Reproduce only this stretch of the listing below: from the line with "Автосервис по адресу" through the line with "Каталог запасных частей", exactly as written, with pictures excluded.

Available data
- Opening Delimiter -
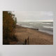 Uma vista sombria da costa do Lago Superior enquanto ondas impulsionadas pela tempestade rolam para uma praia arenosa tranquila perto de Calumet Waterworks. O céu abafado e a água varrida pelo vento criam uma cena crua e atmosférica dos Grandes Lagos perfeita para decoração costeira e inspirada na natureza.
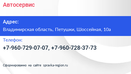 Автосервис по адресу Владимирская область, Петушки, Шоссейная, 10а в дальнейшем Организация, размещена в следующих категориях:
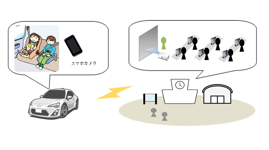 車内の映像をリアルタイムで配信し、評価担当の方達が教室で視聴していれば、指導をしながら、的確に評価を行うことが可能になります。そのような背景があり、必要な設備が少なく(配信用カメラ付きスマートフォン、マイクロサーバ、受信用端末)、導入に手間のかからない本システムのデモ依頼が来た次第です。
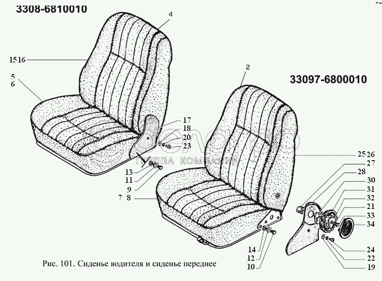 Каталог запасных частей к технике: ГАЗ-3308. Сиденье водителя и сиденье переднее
- Closing Delimiter -
- Opening Delimiter -
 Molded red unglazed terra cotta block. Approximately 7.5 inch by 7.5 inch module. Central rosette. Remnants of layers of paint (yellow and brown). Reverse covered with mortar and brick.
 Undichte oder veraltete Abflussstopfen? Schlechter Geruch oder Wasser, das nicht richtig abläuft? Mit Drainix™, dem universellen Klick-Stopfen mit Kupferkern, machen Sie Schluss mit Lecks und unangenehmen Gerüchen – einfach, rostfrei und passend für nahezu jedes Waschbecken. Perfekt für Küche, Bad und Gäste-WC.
- Closing Delimiter -
Task output
 Автосервис по адресу Владимирская область, Петушки, Шоссейная, 10а в дальнейшем Организация, размещена в следующих категориях:
 車内の映像をリアルタイムで配信し、評価担当の方達が教室で視聴していれば、指導をしながら、的確に評価を行うことが可能になります。そのような背景があり、必要な設備が少なく(配信用カメラ付きスマートフォン、マイクロサーバ、受信用端末)、導入に手間のかからない本システムのデモ依頼が来た次第です。
 Каталог запасных частей к технике: ГАЗ-3308. Сиденье водителя и сиденье переднее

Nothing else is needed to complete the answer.